Work task - Below are records with pictures; copy word for word only the lines between the line with "讲座结束后,疆内外参会教师围" and the line with "- Κατασκευή Νέου", inclusive, and drop the pictures.

◇ ◇ ◇ ◇

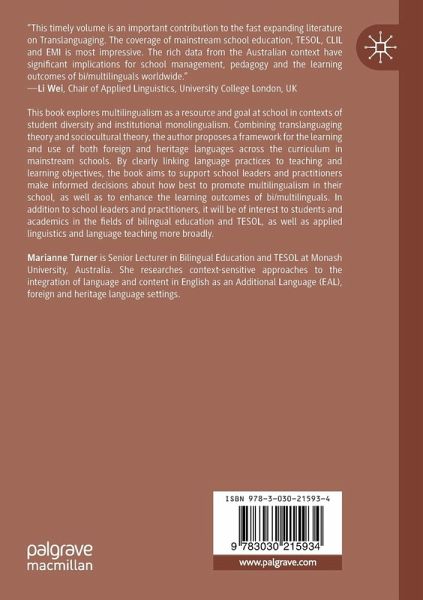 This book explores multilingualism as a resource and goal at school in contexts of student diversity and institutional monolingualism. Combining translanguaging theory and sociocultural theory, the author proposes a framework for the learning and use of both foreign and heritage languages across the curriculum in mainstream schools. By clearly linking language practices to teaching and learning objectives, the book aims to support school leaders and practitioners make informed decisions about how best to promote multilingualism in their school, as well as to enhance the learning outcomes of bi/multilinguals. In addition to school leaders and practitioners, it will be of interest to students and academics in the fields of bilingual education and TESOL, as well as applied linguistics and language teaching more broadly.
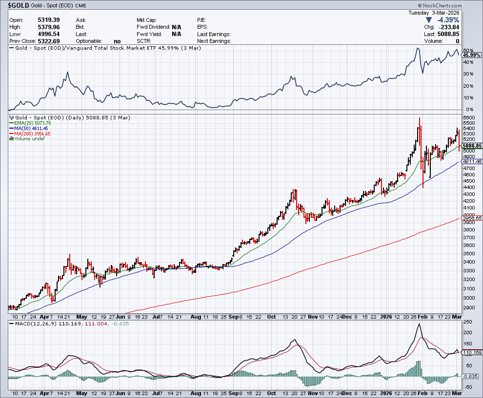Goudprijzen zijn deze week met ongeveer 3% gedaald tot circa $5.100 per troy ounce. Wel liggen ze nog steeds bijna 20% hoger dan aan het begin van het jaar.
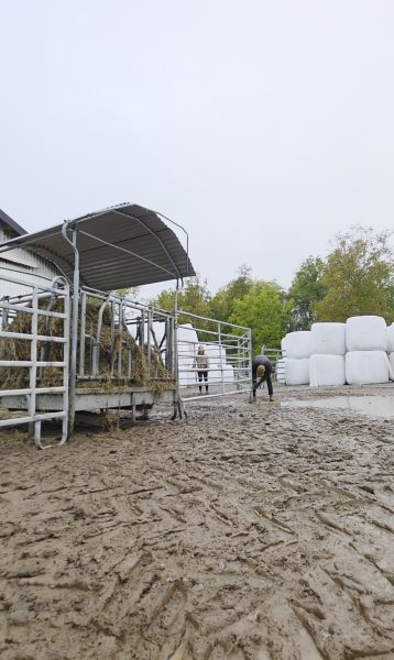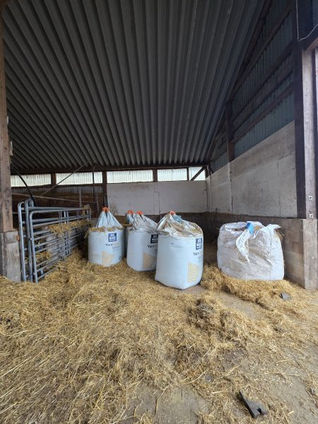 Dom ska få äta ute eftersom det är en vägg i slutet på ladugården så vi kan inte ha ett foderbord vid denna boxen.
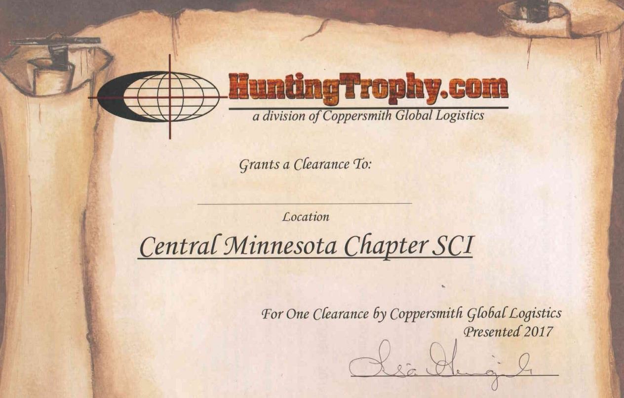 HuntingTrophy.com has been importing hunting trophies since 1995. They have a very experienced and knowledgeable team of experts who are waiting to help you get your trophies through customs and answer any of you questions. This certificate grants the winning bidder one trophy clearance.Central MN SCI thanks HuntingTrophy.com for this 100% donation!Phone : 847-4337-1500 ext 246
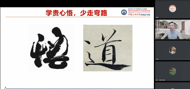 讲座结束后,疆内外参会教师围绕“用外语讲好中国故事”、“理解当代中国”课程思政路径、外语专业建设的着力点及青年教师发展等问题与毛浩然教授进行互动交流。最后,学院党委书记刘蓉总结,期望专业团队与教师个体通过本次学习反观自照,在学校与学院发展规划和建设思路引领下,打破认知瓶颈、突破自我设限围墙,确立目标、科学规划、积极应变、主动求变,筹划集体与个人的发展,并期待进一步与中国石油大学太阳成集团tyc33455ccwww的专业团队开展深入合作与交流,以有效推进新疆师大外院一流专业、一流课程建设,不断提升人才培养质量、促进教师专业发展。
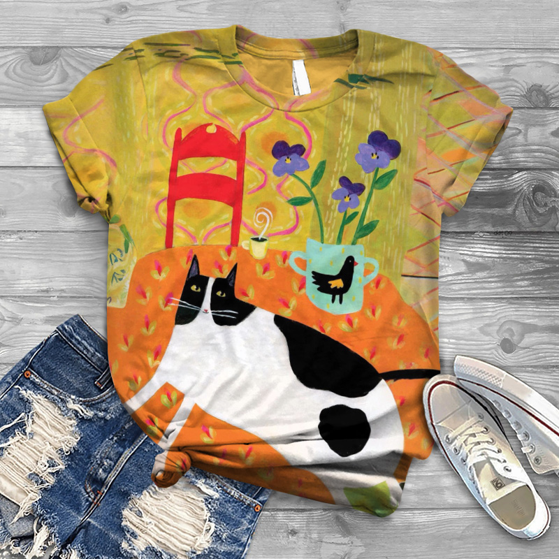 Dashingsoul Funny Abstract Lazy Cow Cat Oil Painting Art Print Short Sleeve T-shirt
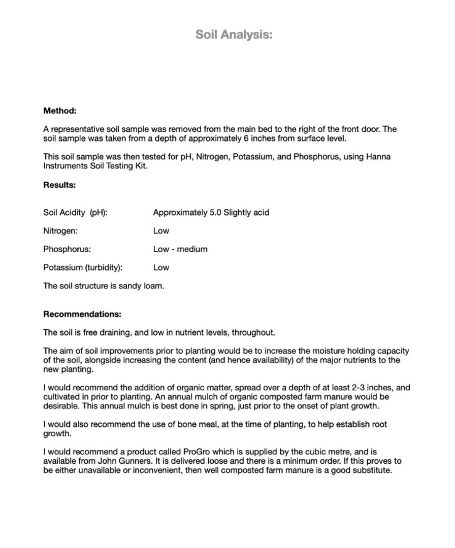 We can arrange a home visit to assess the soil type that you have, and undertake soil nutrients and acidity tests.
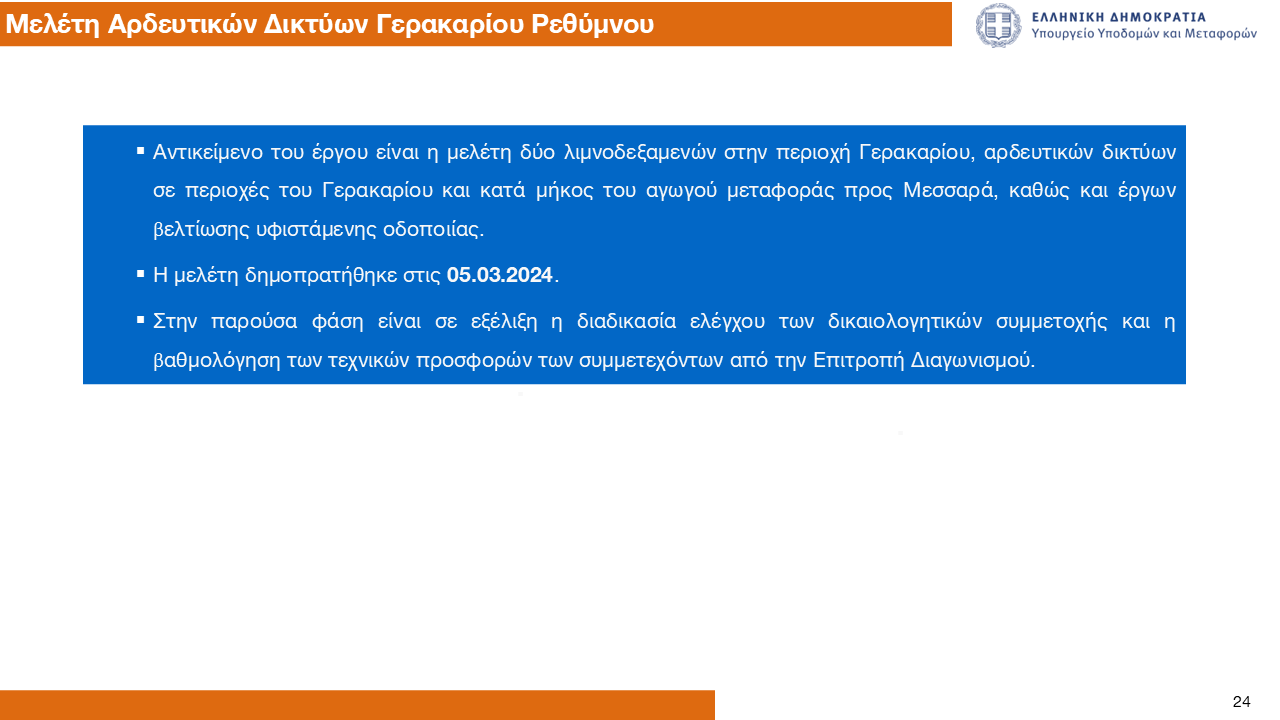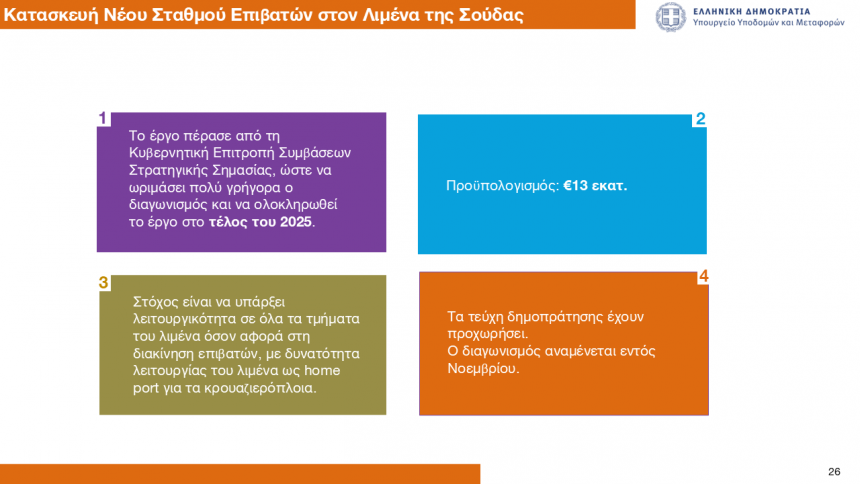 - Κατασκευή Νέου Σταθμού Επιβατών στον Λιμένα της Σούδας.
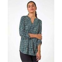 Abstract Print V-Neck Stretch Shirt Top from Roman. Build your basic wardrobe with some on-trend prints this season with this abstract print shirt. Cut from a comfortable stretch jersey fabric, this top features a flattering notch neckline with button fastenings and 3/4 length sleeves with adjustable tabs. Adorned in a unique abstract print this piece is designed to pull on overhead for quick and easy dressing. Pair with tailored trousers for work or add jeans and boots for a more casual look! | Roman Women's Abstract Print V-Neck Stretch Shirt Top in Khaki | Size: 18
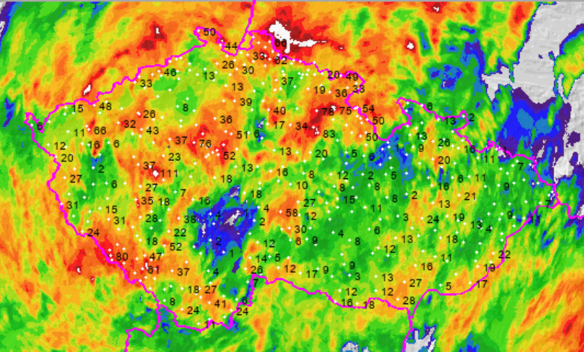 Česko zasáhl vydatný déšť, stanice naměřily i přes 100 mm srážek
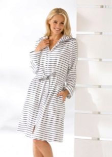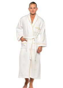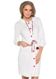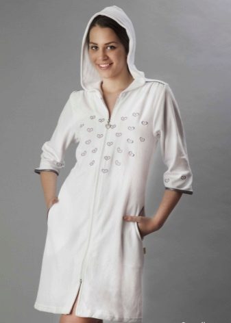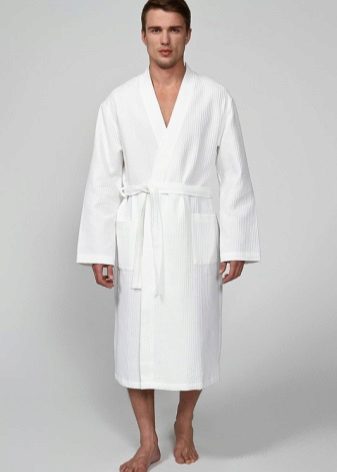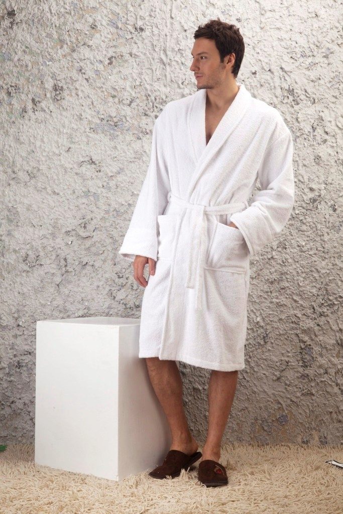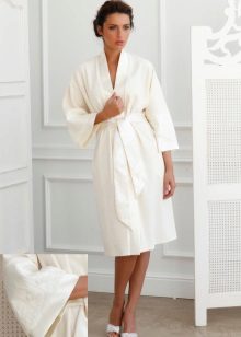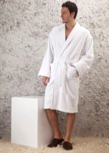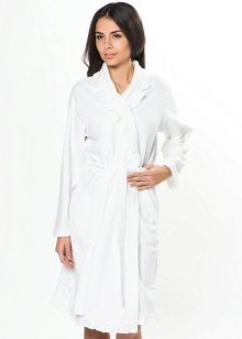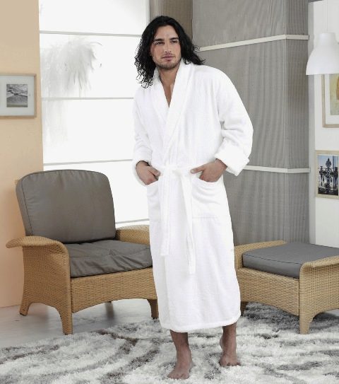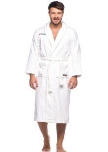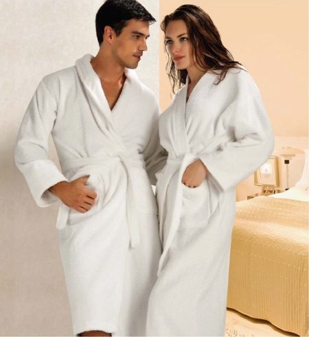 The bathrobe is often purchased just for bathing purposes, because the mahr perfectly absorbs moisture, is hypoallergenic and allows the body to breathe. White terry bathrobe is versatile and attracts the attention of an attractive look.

◇ ◇ ◇ ◇

Answer space -
 讲座结束后,疆内外参会教师围绕“用外语讲好中国故事”、“理解当代中国”课程思政路径、外语专业建设的着力点及青年教师发展等问题与毛浩然教授进行互动交流。最后,学院党委书记刘蓉总结,期望专业团队与教师个体通过本次学习反观自照,在学校与学院发展规划和建设思路引领下,打破认知瓶颈、突破自我设限围墙,确立目标、科学规划、积极应变、主动求变,筹划集体与个人的发展,并期待进一步与中国石油大学太阳成集团tyc33455ccwww的专业团队开展深入合作与交流,以有效推进新疆师大外院一流专业、一流课程建设,不断提升人才培养质量、促进教师专业发展。
 Dashingsoul Funny Abstract Lazy Cow Cat Oil Painting Art Print Short Sleeve T-shirt
 We can arrange a home visit to assess the soil type that you have, and undertake soil nutrients and acidity tests.
 - Κατασκευή Νέου Σταθμού Επιβατών στον Λιμένα της Σούδας.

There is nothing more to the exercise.